David Eugene Fellhauer (born August 19, 1939) is an American prelate of the Roman Catholic Church, serving as bishop of the  Diocese of Victoria in Texas from 1990 to 2015.

Biography

Early life 
David Fellhauer was born on August 13, 1939, in Kansas City, Missouri, to Harold E. and Helen R. Francis Fellhauer.  He attended primary school at St. Agnes School in Roeland Park, Kansas, then went to Pontifical College Josephinum in Columbus, Ohio, for high school, college and seminary training.

Priesthood 
On May 29, 1965. Fellhauer was ordained to the priesthood by Cardinal Egidio Vagnozzi for the Diocese of Dallas-Fort Worth. In 1979, Fellhauer obtained his Doctor of Canon Law degree from Saint Paul University in Ottawa, Ontario.

In 1975, Fellhauer was named as assistant judicial vicar (vice-officialis), for the diocese.  He was appointed as judicial vicar in 1979, a role he would fulfill until his appointment as bishop in 1990.

Bishop of Victoria 
On April 19, 1990, Pope John Paul II appointed Fellhauer as the second bishop of the Diocese of Victoria. He received his episcopal consecration at Our Lady of Victory Cathedral in Victoria on May 28 from Archbishop Patrick Flores, with Bishops Thomas Tschoepe and Charles Grahmann serving as co-consecrators.

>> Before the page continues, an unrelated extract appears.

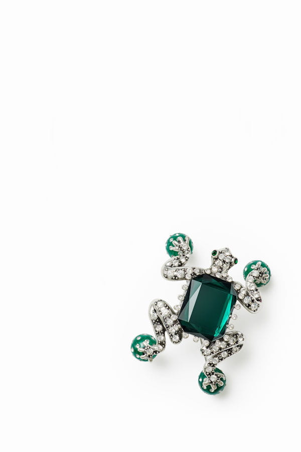 Broche grenouille émeraude d'Iris Apfel x H&M

On August 9, 1994, The Dallas Morning News reported that in 1984 Fellhauer, then serving as judicial vicar, agreed to accept Robert Peebles Jr as a parish priest in the Diocese of Dallas-Fort Worth.  This was despite the knowledge that Peebles had been dishonorably discharged from the US Army for sexually abusing an altar boy while serving as an Army chaplain.Peebles abused three more children in the diocese before being laicized in 1989.  When asked to comment about the article in 1994, Fellhauer said: "We made the best decision at the time in view of the circumstances."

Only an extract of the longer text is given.